Елена Тучкина, в отличие от иных моих знакомых, являлась коренной петербурженкой и жила где-то недалеко от нашего института, тоже на Васильевском острове. И думая о ней, я почему-то вспомнил Бродского.
«Ни креста, ни погоста – не хочу выбирать. На Васильевский остров я приду умирать», – так, кажется, у него. А тем не менее последнее его пристанище – Венеция…
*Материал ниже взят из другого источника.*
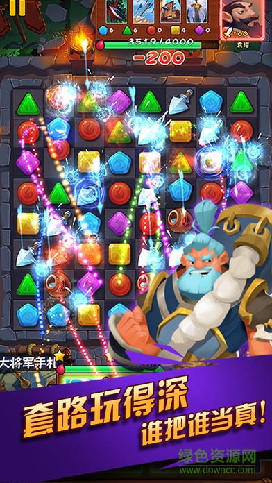 回合制三消对战游戏,和全球玩家来一场实时对战。只要纵向或横向凑齐三个同样的元素即可消除,尽快的收集魔法,释放一个接一个的锦囊来攻击对方吧!或者直接消除宝剑和对方硬怼一波。你也可以过关斩将,挑战所有的三国名将,看看谁才是三国第一战神!

Елена самозабвенно любила свой город, свой Васильевский остров и жизни в другом городе себе не представляла, считая подарком судьбы появление на свет именно здесь, среди гранита набережных и изысканных зданий Растрелли и других великолепных архитекторов. Она была худощава, подвижна, мила, остроумна и очень интеллигентна, но я её, как, впрочем и других моих нечастых, мимолётных подруг, – увы, не любил. Мне бывало с нею хорошо, спокойно, порою даже очень хорошо, совсем не скучно. Но не более того, поэтому представить её рядом с собой на всю жизнь я не мог. Не исключено, что приблизительно так же о наших отношениях думала и Лена. Хотя одна фраза при нашей предыдущей встрече в кафе, кажется, выдала её: «…и запомни, что из Питера уехать я ни при каких обстоятельствах не смогу, да и не хочу. Впрочем, и ты вроде бы тоже здесь собираешься осесть? Так что особых разногласий у нас, надеюсь, на этот счёт не будет». Возможно, это была лишь оговорка, а не просчёт ситуации наперёд, как увиделось мне. А может быть, просто тогда было выпито немало вина?..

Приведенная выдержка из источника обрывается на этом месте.